**Listed records**
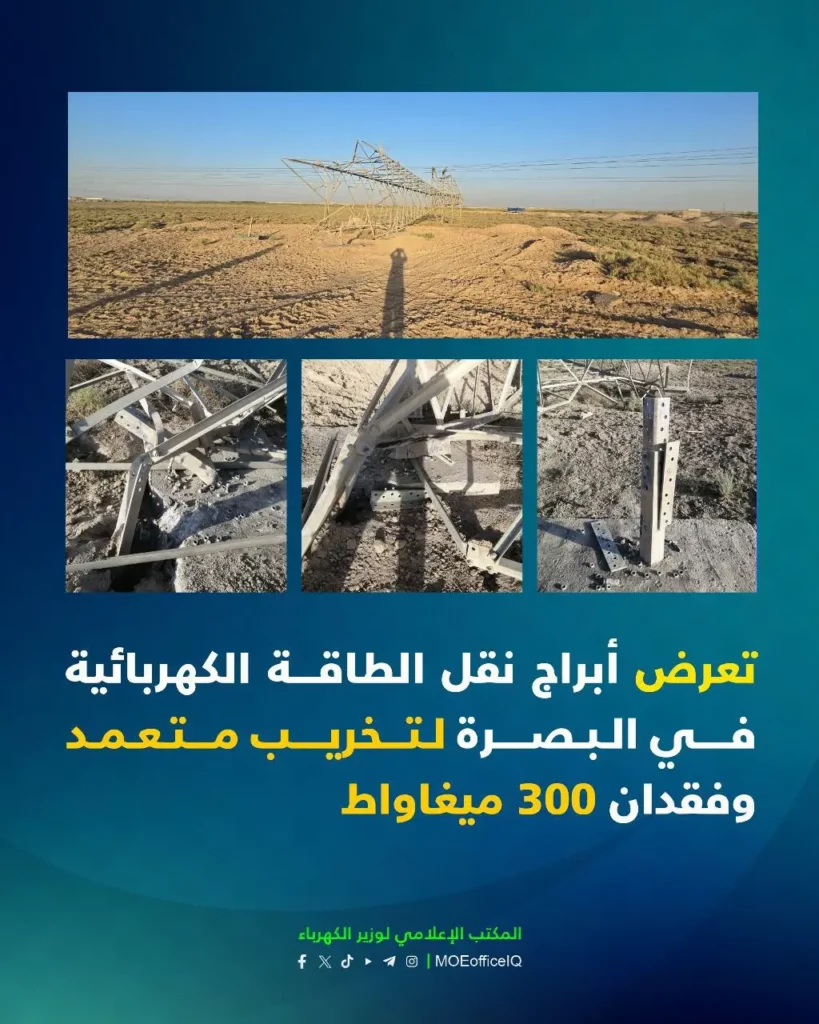 بيان وزارة الكهرباء حول تعرض أبراج نقل الطاقة في محافظة البصرة للتخريب المتعمد
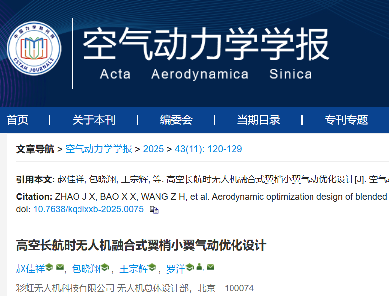 研究成果以“Aerodynamic optimization design of blended winglets for HALE UAVs”为题发表于空气动力学学报。本文第一作者:彩虹无人机科技有限公司赵佳祥。
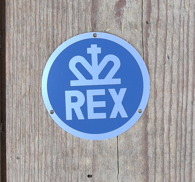 REX - Emblem, blau, D: 50 mm, incl. Alunieten zur Befestigung auf der Polradkappe
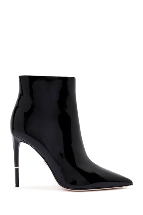 Kadın Siyah Fermuarlı İnce Topuklu Rugan Deri Bot
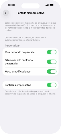 Pulsa el indicador junto a "Pantalla siempre activa" para activar o desactivar la función.
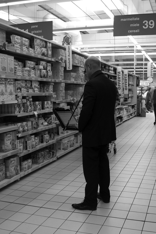 In senso assoluto vedere un omino con un notebook al collo in un supermercato può essere insolito e giustificare il click ... (per chi ha fatto l'agente di commercio non sarà così insolito) ...
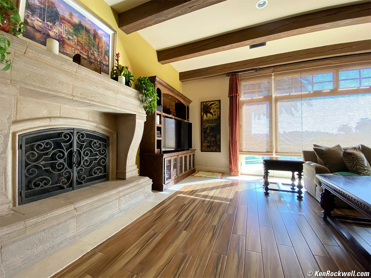 Real Estate Listing ULTRAPAN, 24 September 2019. iPhone 11 Pro Max, 1.54mm (13mm equivalent) ultra-wide camera swept panorama at f/2.4 at 1/120 at Auto ISO 160 (LV 8.76), Perfectly Clear. bigger or full-resolution ULTRAPAN. You can do ULTRAPAN photos that show up to about 270º horizontally, and with the 13mm camera you can see more than ever vertically in the PANO mode. It's now easy to show an entire interior in one shot if you like. You also can do shorter pans of any angle. Better than I could ever do with my rotating-lens panoramic film cameras, the iPhone magically compensates the lighting so we can see outdoors and indoors, and it all comes out looking as it did to our eyes. To those of us who grew up shooting film this is even more impressive, as we know cameras never used to show things the way they look to our eyes in harsh light. Apple is doing a lot of very clever things to make iPhone photos look natural.
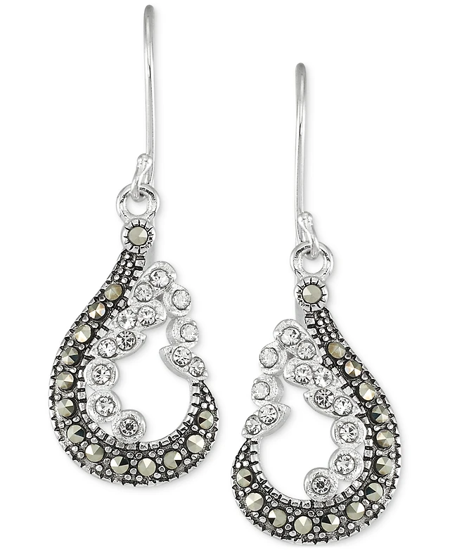 Marcasite & Crystal Pear-Shape Drop Earrings in Sterling Silver
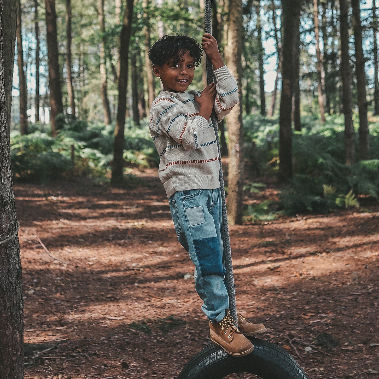 De Denim Patchwork jeans is een speelse en trendy toevoeging aan de kledingkast van uw kindje. De broek is verkrijgbaar in maat 98 tot en met 140. Deze unieke jeans is gemaakt van 100% katoen, wat zorgt voor comfort. De jeans heeft een tapered fit en is voorzien van diverse patches die een leuk en nieuw effect creëren. Dit model is vergelijkbaar met de populaire Floyd broek, maar biedt een verfrissende twist met de patchwork details. Met zijn blauwe kleur en stoere denim print is de broek perfect voor dagelijkse avonturen en speelse activiteiten. Combineer de Denim Patchwork Jeans met de Stripe Terry Relaxed Granddad Longsleeve of een van de stoere Knit Sweater van Your Wishes om de outfit compleet te maken. Heeft u de Denim Patchwork Jeans al aan uw winkelmandje toegevoegd?
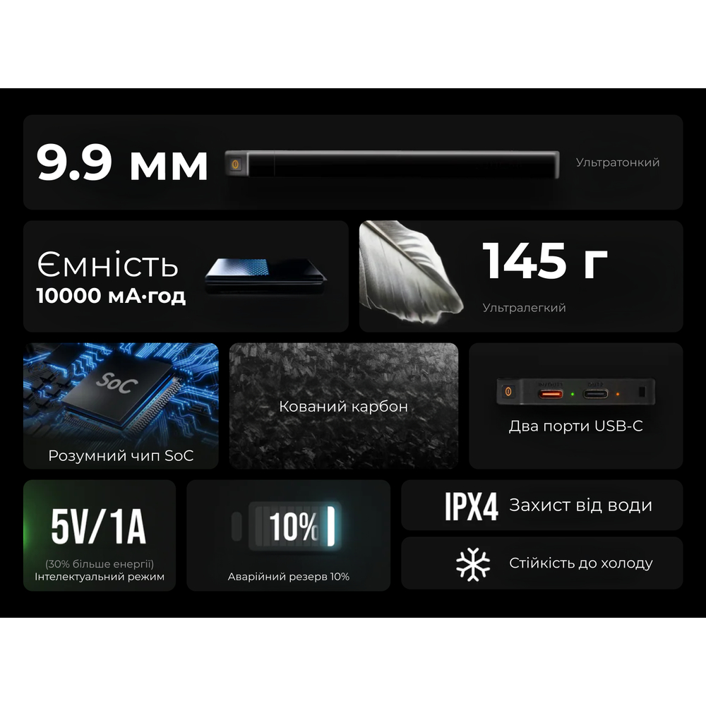 Описание УМБ Flextail powerbank Zero Power 10000 mAh, 22,5W, 3A, Fast Charge:
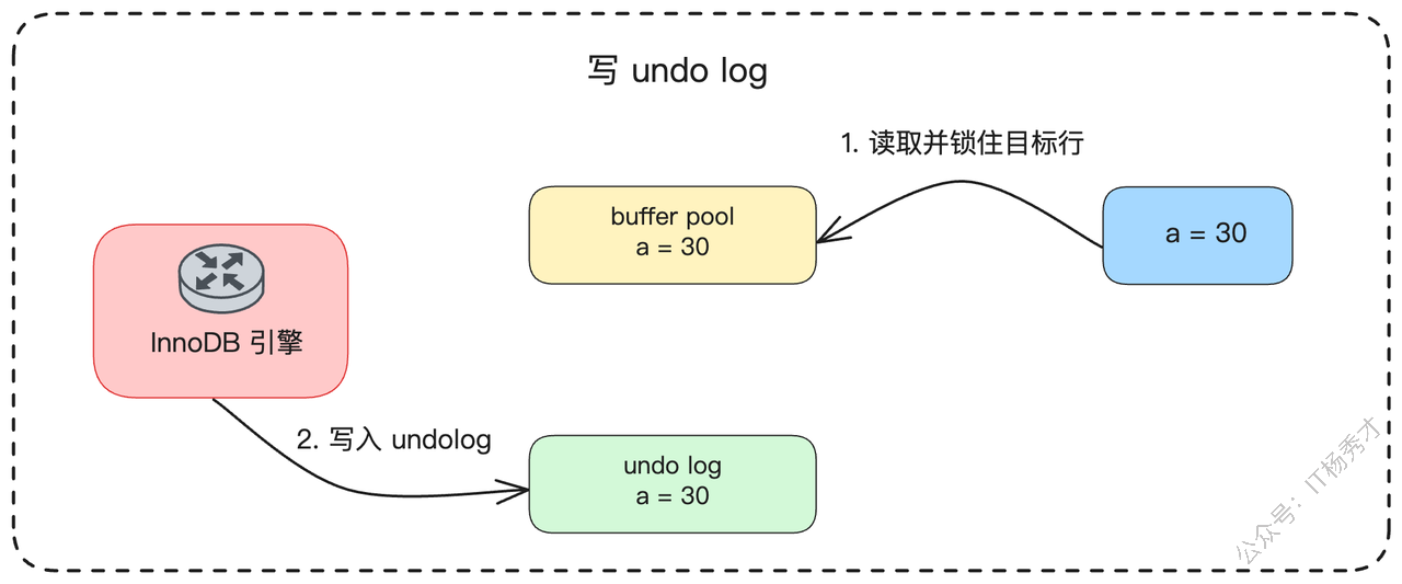 buffer pool中的数据进行任何修改之前,InnoDB会先为这次操作生成一条undo log,其中记录了a列的原始值30。这是为了后续可能的回滚做准备。
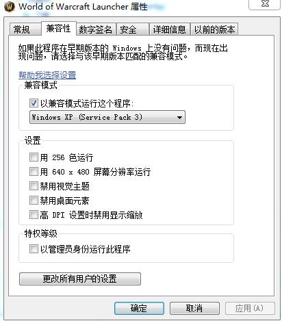 进入wow文件夹 设置World of Warcraft launcher 以兼容模式运行
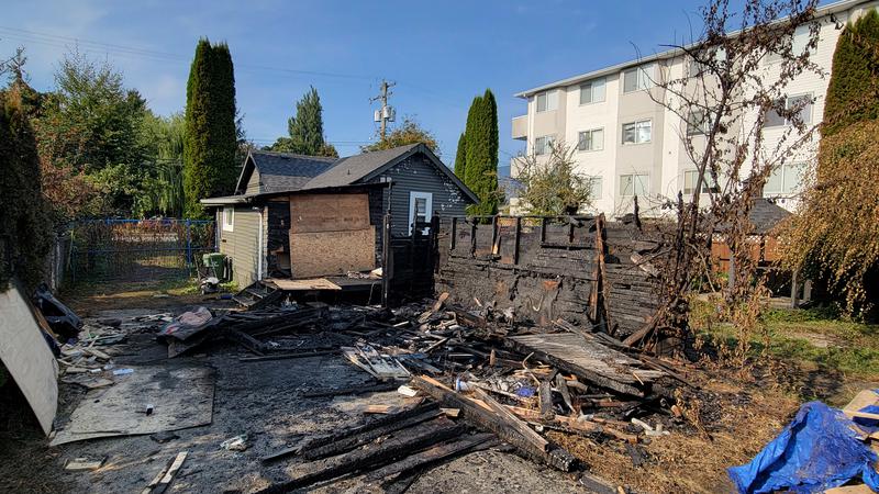Detached garage burns near downtown Chilliwack in 9500 block of Robson Street; house suffers minor damage
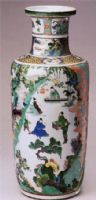 瓶洗口,直颈,斜肩,瓶身直如截筒,圈足。颈部中间留白一圈将纹饰分为上下两层,分别为朵花地和锦地两面开光纹饰,开光相错而置,其中分别画花蝶小景,山水人物,渔舟垂钓。
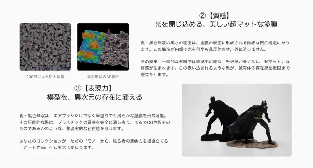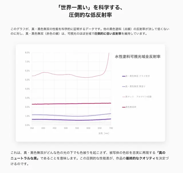 世界一黒い水性アクリル塗料「真・黒色無双」。ベルベットにも匹敵する圧倒的な光吸収性能を、塗装環境を選ばない水性塗料で実現した製品です。 可視光域の光吸収率について、一般的な黒色塗料が94~98%となるのに対し、真・黒色無双(エアブラシドライ塗装)は99.4%(全反射率0.6%)を達成しております。絵画や立体造形への塗料として使用することで、見たことのない表現方法を作り出すことができます。
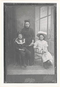Groepsportret van twee zusters en een broer van de familie Van Well. V.l.n.r. Cornelis …
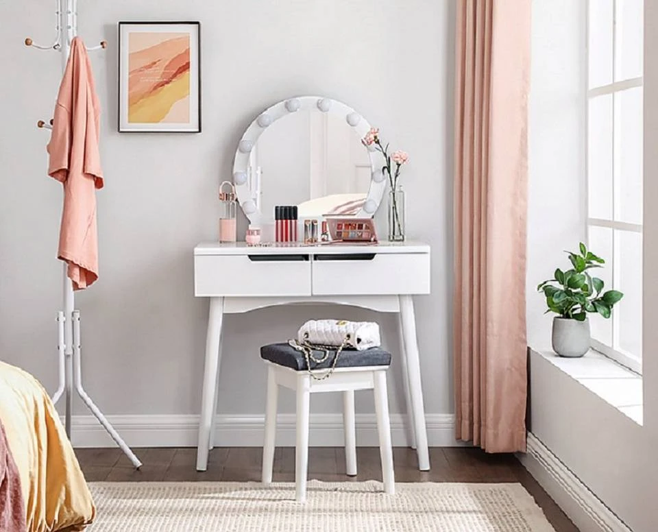 Wenn Sie am Morgen vor einem Berg von Hygieneartikeln, Make-up, Schminkpinseln und anderen Utensilien stehen, wird es Zeit, Ordnung zu schaffen! Mit diesem beleuchteten Frisiertisch können Sie nicht nur alle wichtigen Accessoires ordnen. Sie erhalten auch einen eigenen Beautybereich, der aus einem Hollywoodfilm entsprungen zu sein scheint.
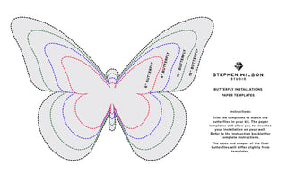 If you are not sure how many butterflies you will need for your installation we have a template kit now available. You will receive 50 sheets that you can cut out and add to your space. They will give you the perfect sense of scale and how many you will need. The cost of the template kit is $25.00. The price includes shipping and is refunded on your butterfly swarm order.

**What is required**
The required answer is an exact, picture-free copy of the lines from the opening of the listing above through the line with "REX - Emblem, blau, D: 50".

**Response**
 بيان وزارة الكهرباء حول تعرض أبراج نقل الطاقة في محافظة البصرة للتخريب المتعمد
 研究成果以“Aerodynamic optimization design of blended winglets for HALE UAVs”为题发表于空气动力学学报。本文第一作者:彩虹无人机科技有限公司赵佳祥。
 REX - Emblem, blau, D: 50 mm, incl. Alunieten zur Befestigung auf der Polradkappe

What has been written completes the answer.